DATA SECTION START
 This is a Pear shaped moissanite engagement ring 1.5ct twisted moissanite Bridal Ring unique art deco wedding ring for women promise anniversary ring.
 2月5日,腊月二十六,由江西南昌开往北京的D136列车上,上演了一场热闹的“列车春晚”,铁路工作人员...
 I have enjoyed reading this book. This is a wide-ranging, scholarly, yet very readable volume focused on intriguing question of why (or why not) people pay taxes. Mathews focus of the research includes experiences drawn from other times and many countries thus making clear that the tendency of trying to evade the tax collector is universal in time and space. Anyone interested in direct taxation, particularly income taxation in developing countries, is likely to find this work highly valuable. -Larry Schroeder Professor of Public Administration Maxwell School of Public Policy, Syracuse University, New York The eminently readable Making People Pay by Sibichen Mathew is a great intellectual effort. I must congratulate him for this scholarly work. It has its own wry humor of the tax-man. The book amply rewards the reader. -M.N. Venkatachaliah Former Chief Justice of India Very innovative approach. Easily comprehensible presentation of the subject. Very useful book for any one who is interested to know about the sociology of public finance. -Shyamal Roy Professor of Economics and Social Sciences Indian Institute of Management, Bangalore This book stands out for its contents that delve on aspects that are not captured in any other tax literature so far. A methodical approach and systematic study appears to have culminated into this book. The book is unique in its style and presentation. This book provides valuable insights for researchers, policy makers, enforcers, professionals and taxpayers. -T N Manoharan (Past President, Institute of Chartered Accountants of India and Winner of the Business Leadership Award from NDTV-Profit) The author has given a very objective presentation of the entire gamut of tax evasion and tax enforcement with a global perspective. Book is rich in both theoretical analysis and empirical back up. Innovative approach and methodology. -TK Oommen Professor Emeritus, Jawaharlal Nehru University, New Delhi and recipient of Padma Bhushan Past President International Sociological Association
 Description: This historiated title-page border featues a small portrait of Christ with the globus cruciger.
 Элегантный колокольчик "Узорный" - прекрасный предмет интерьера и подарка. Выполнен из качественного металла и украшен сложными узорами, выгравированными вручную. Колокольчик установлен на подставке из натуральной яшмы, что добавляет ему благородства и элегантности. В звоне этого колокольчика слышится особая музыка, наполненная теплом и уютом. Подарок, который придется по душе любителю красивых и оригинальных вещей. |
DATA SECTION END
DATA SECTION START
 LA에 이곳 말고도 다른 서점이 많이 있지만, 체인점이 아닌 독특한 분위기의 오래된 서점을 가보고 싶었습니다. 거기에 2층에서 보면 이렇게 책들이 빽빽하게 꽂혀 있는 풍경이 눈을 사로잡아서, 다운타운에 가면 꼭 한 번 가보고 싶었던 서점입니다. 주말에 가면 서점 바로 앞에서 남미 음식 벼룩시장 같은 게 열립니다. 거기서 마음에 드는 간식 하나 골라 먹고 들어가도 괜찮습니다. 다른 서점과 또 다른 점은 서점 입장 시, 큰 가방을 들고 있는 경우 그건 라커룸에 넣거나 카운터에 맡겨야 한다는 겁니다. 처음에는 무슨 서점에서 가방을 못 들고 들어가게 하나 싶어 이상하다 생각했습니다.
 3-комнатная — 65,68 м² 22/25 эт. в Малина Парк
DATA SECTION END
WHAT TO PRODUCE:
For this exercise, repeat exactly the lines of the data above from the one with "This is a Pear" down to the one with "2月5日,腊月二十六,由江西", both end lines included.

YOUR SOLUTION:
 This is a Pear shaped moissanite engagement ring 1.5ct twisted moissanite Bridal Ring unique art deco wedding ring for women promise anniversary ring.
 2月5日,腊月二十六,由江西南昌开往北京的D136列车上,上演了一场热闹的“列车春晚”,铁路工作人员...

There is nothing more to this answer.